@jswerdel this is spectacular, thank you for starting this discussion on Lupus.
First, I want to reinforce a important methodological lesson you highlighted nicely here: when we create a cohort definition that is intended to identify the set of persons who satisfy one or more criteria for a duration of time, we need to be concerned with various dimensions of measurement error. First, is measurement error about disease classification, which requires a complete understanding of sensitivity (which patients actually have the disease that we missed?) and specificity (what patients without the disease are correctly classified as such?). We will lots of papers perform some sort of chart record verification to estimate positive predictive value (which patients identified are actually with disease?) but it’s hard to know what to do with PPV alone. This is why I’m so excited by Joel’s innovation with PheValuator, because it provides an estimate of all the relevant operating characteristics, which makes it possible to formally integrate measurement error into our analyses.
The other type of measurement error that I see much less discussed in the literature (post references if it has been discussed and I’ve missed it) is index date misclassification (did the person enter the cohort on the right date?).
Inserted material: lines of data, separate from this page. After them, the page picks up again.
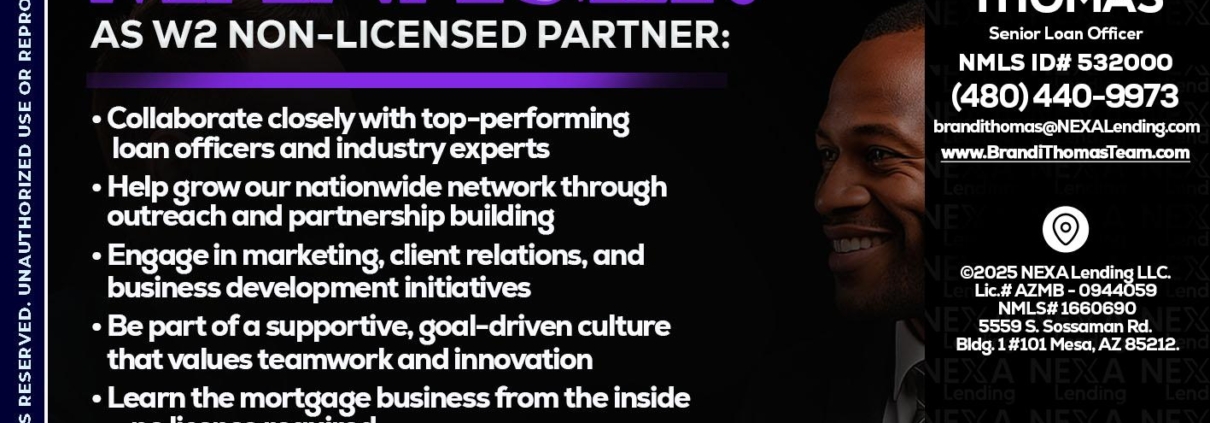 Hi, my name is Brandi Thomas Team. I’m a Loan Officer with NEXA Mortgage LLC., offering personalized mortgage solutions, fast customized quotes, great rates and service with integrity.
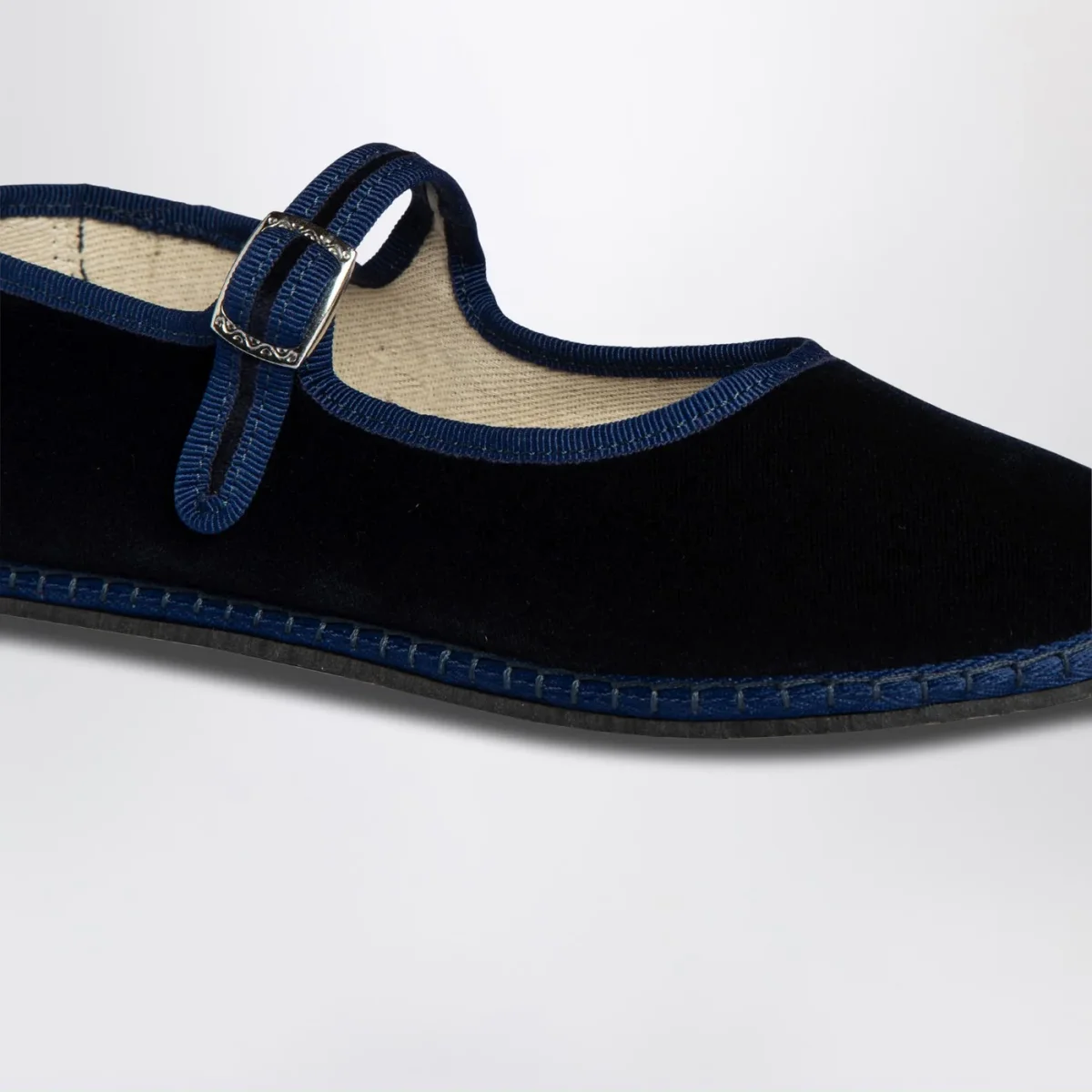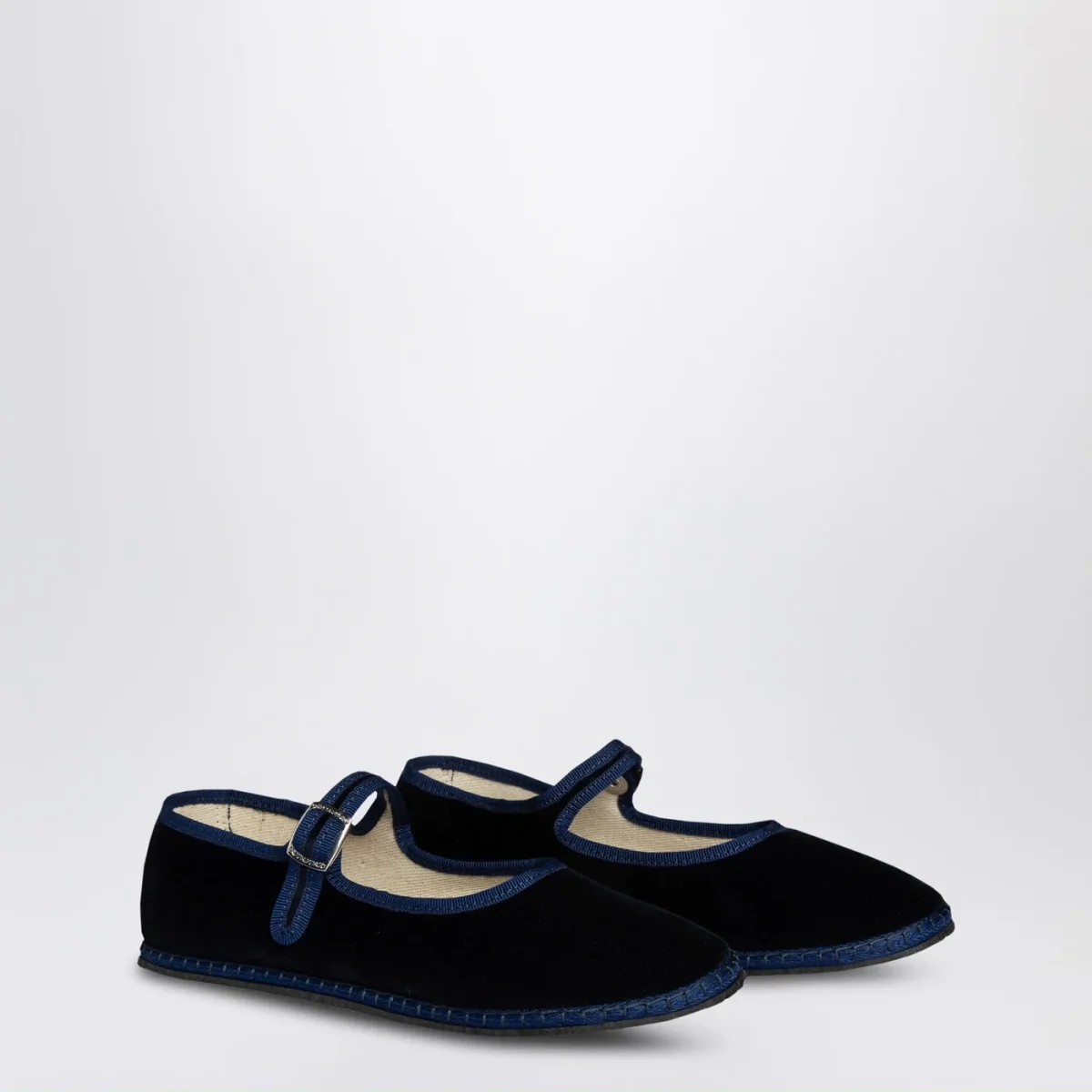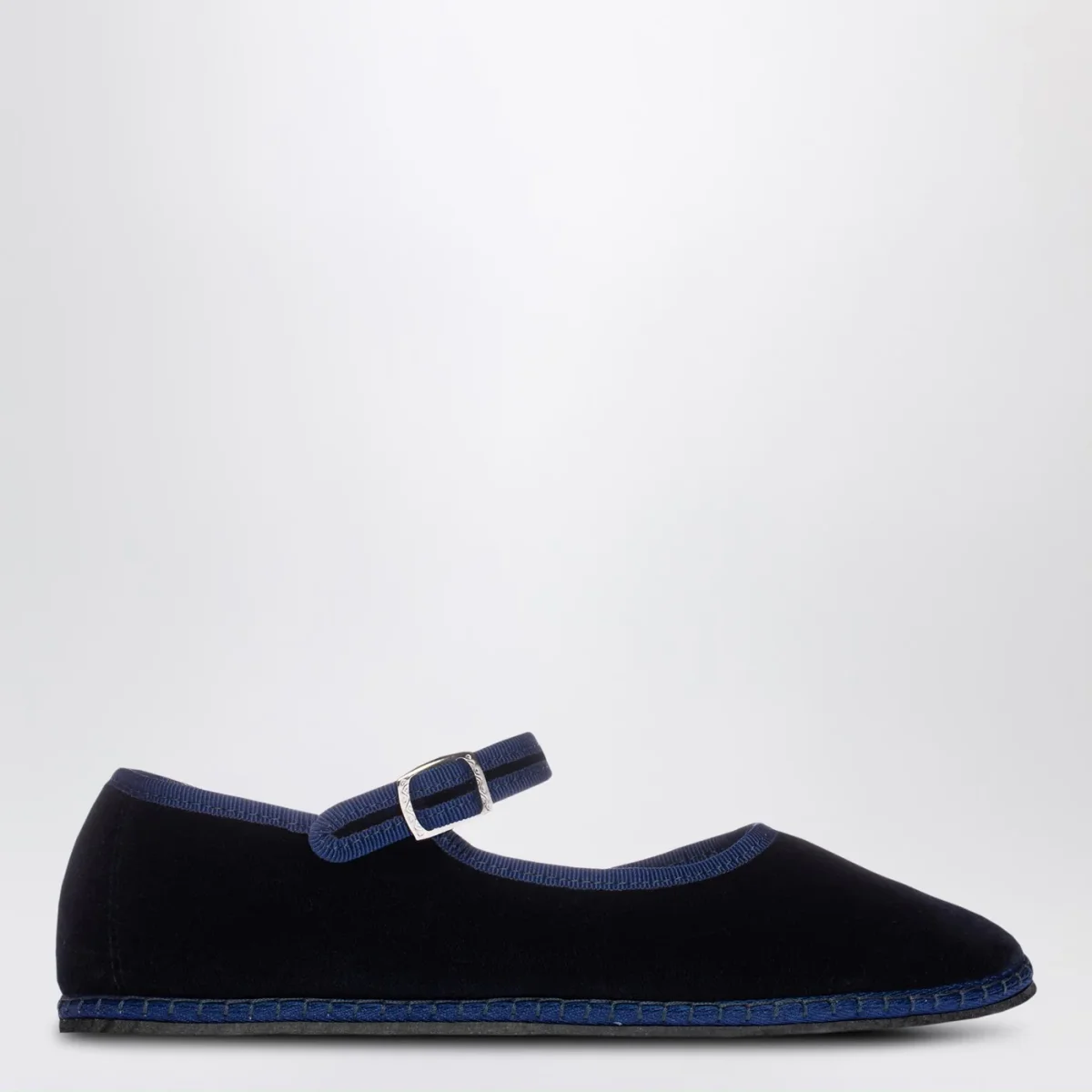 Mary Jane di Vibi Venezia in velluto blu con cinturino regolabile con fibbia e suola in gomma.
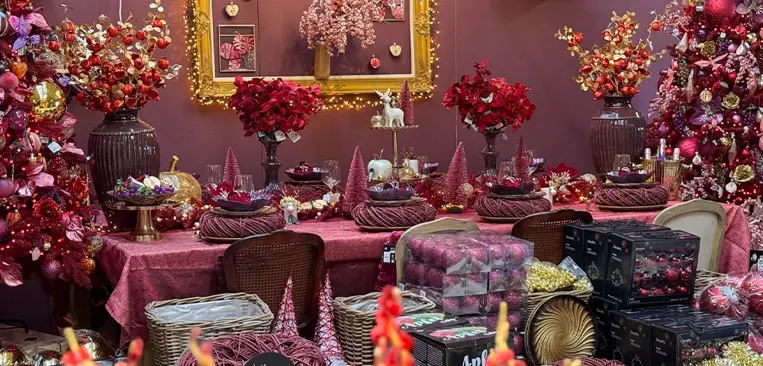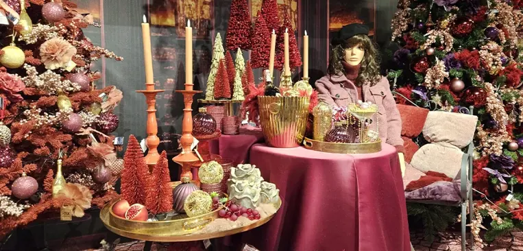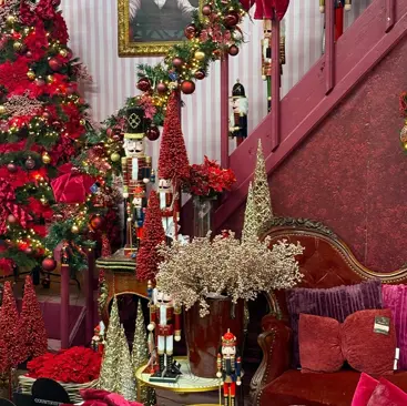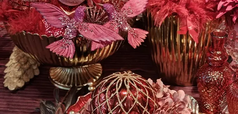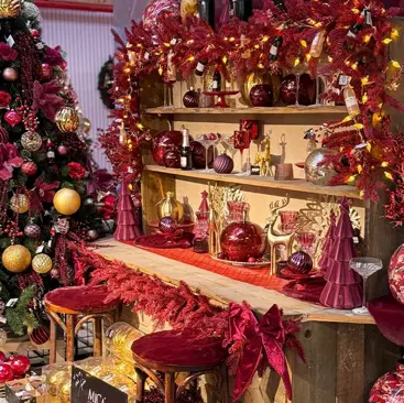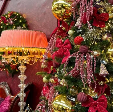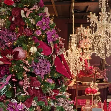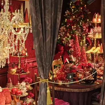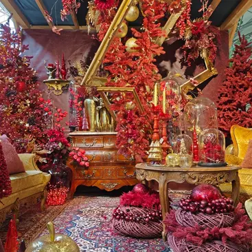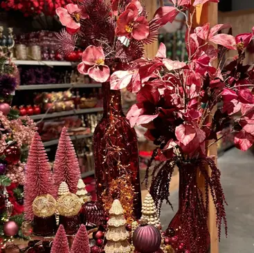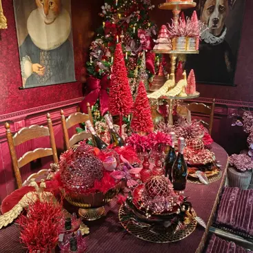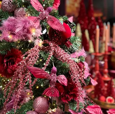 Burgundy Bloom staat voor luxe, glamour en warmte. Rode en roze kerstbomen, gouden details en velvet creëren een opvallende en stijlvolle sfeer die je direct betovert. Dit thema laat zien dat een kerstboom niet altijd groen hoeft te zijn en dat durf, elegantie en rijkdom perfect samengaan.
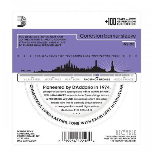 Phosphor Bronze was introduced to string making by D'Addario in 1974 and has become synonymous with warm, bright, and well balanced acoustic tone. D'Addario Phosphor Bronze strings are precision wound with corrosion resistant phosphor bronze onto a carefully drawn, hexagonally shaped, high carbon steel core. The result is long lasting, bright sounding tone with excellent intonation.
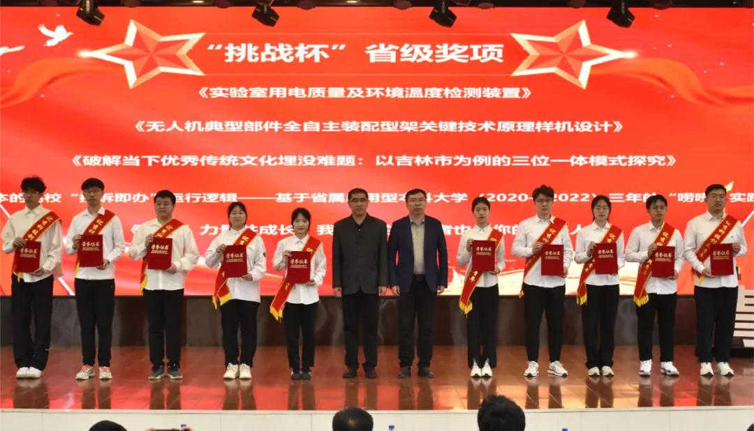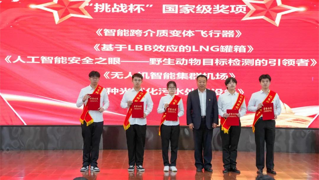 2024年5月11日下午,我校隆重举办2023年度“挑战杯”荣誉奖项表彰大会。在本次会议中,我校领导高度肯定我校学子在去年的“挑战杯”比赛中所取得的优秀工作成果,并为我校取得“挑战杯”国家级及省级奖项的团队代表进行颁奖。
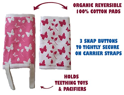 WILL STAY IN PLACE: Loops (At the top) and button holes (at the bottom) of the center piece help in securing the pad to carrier and prevent from flip-flop while getting baby IN-and-OUT as observed with others products. Shoulder pads have 2 hanging elastic straps to attach teethers, pacifiers, toys & more.
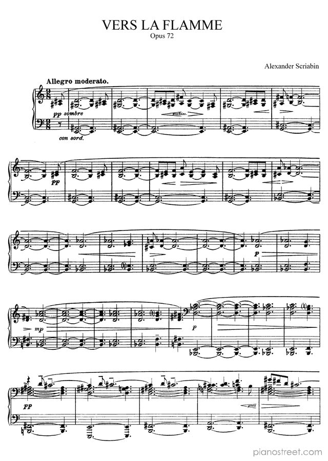 Vers la flamme: Poem - Op. 72 is a piano piece by the late romantic composer Alexander Scriabin who lived between the years 1872 and 1915.
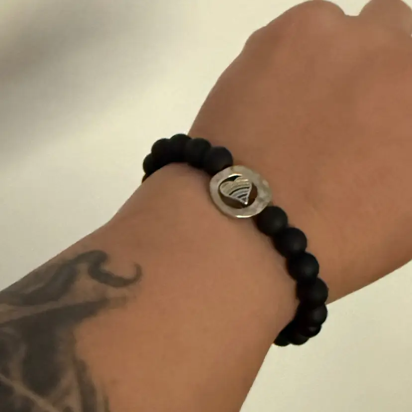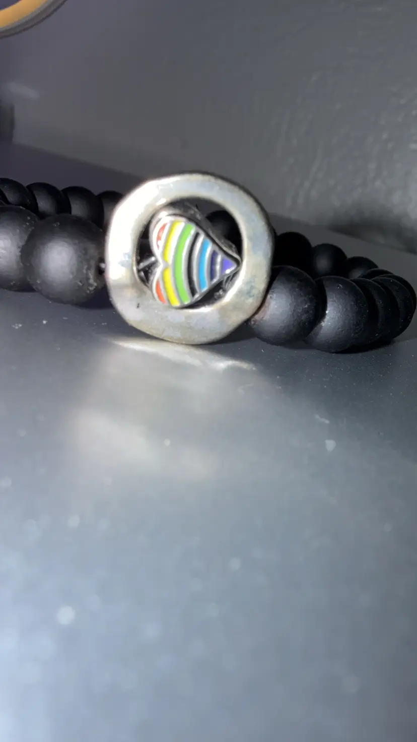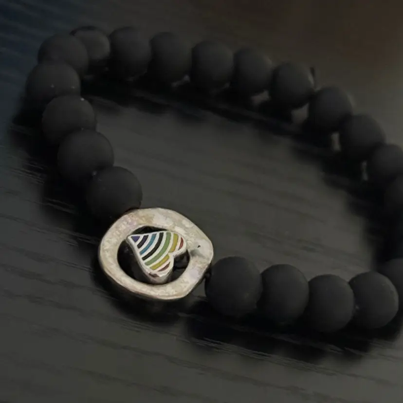 Show your LGBTQ+ pride with this bracelet. Black matt beads with a silver rainbow charm. Customizable
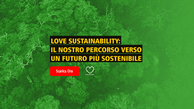 Love Sustainability sancisce il nostro impegno ad adottare prassi quanto più possibile sostenibili, aiutando anche la tua azienda a fare altrettanto. Il nostro scopo? Compiere passi avanti in termini di sostenibilità, tenendo conto di un intreccio di interessi economici e molteplici sfide. Unisciti a noi nel nostro Percorso e segui i nostri progressi rispetto agli obiettivi:
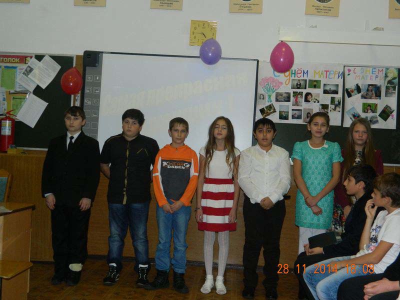 | 28 ноября 2014 года во всех школах района проведён Единый Всекубанский классный час «Мы будем вечно прославлять ту женщину, чьё имя - Мать!». В мероприятиях приняло участие 3848 мам, 5628 школьников и 283 педагога. В течение ноября школьники участвовали в конкурсах сочинений и стихов о маме. В школах были оформлены выставки детских поделок и открыток для мам. | |
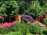 На участке растут плодовые деревья, было завезено много чернозема, есть зона барбекю, гараж на два а/м.
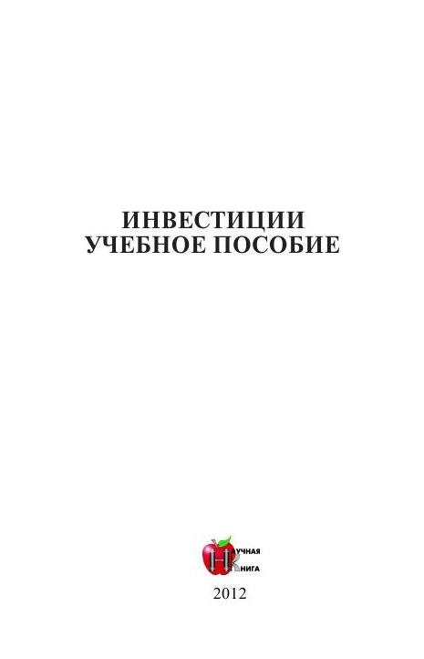 Мальцева, Ю. Н. Инвестиции : учебное пособие / Ю. Н. Мальцева. — Саратов : Научная книга, 2012. — 159 c. — Текст : электронный // Цифровой образовательный ресурс IPR SMART : [сайт]. — URL: https://www.iprbookshop.ru/6277.html (дата обращения: 04.07.2025). — Режим доступа: для авторизир. пользователей
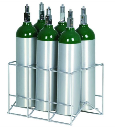 Storage of freestanding medical gas cylinders.
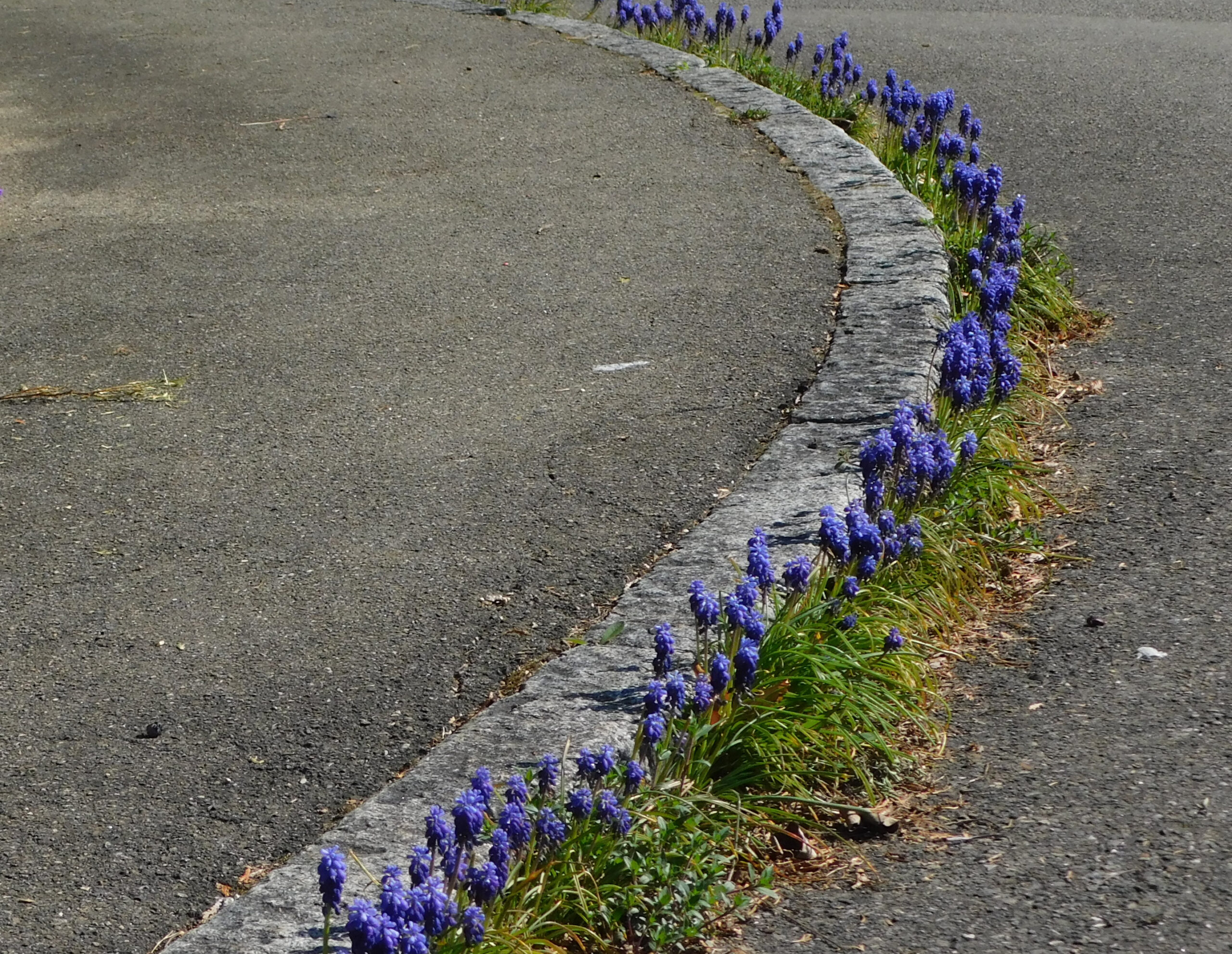 Auf den Touren mit meinem Handbike komme ich schon seit vielen Jahren an einer Bordsteinkante vorbei, die in jedem Frühjahr wunderbar geschmückt ist. Aus dem schmalen Spalt zwischen den Bordsteinen und dem Straßenasphalt wachsen in jedem Frühjahr unzählige Blütenstände der Traubenhyazinthe. Heute konnte ich mit der Bewohnerin des angrenzenden Grundstücks sprechen. Sie schont diesen schmalen Streifen ganz bewusst, hier wird nichts ausgekratzt.

And here, you’ve demonstrated both how we can DETECT index date misclassification using CohortDiagnostics (by looking at prior conditions or treatments that are likely indicators of condition start preceding diagnosis) and how to CORRECT for index date misclassification using ATLAS (by creating an entry event for any of the potential disease markers, and then imposing an inclusion criteria requiring the diagnosis code on or in some time after the entry event). It’s interesting to me to think how much an index date misclassification correction impacts the cohort, both in terms of how many patients actually saw their cohort start date shift, and also by the duration of those shifts. Depending on the context for use of the phenotype, the impact of the error can vary, but it seems to me to be a bigger problem than generally appreciated (given that most phenotypes I read in the literature don’t discuss making this kind of correction).
Second, I’d really like to hear from the community about @jswerdel 's assertion of having many different alternative definitions depending on the use context. I agree that after we have empirical operating characteristics, we can make choices about the measurement errors that we’re willing to consider. But I wonder about the competing tradeoff that comes with consistency of having a definition that is applied and understood vs. variance that is introduced by changing phenotype at the same time of changing the research question.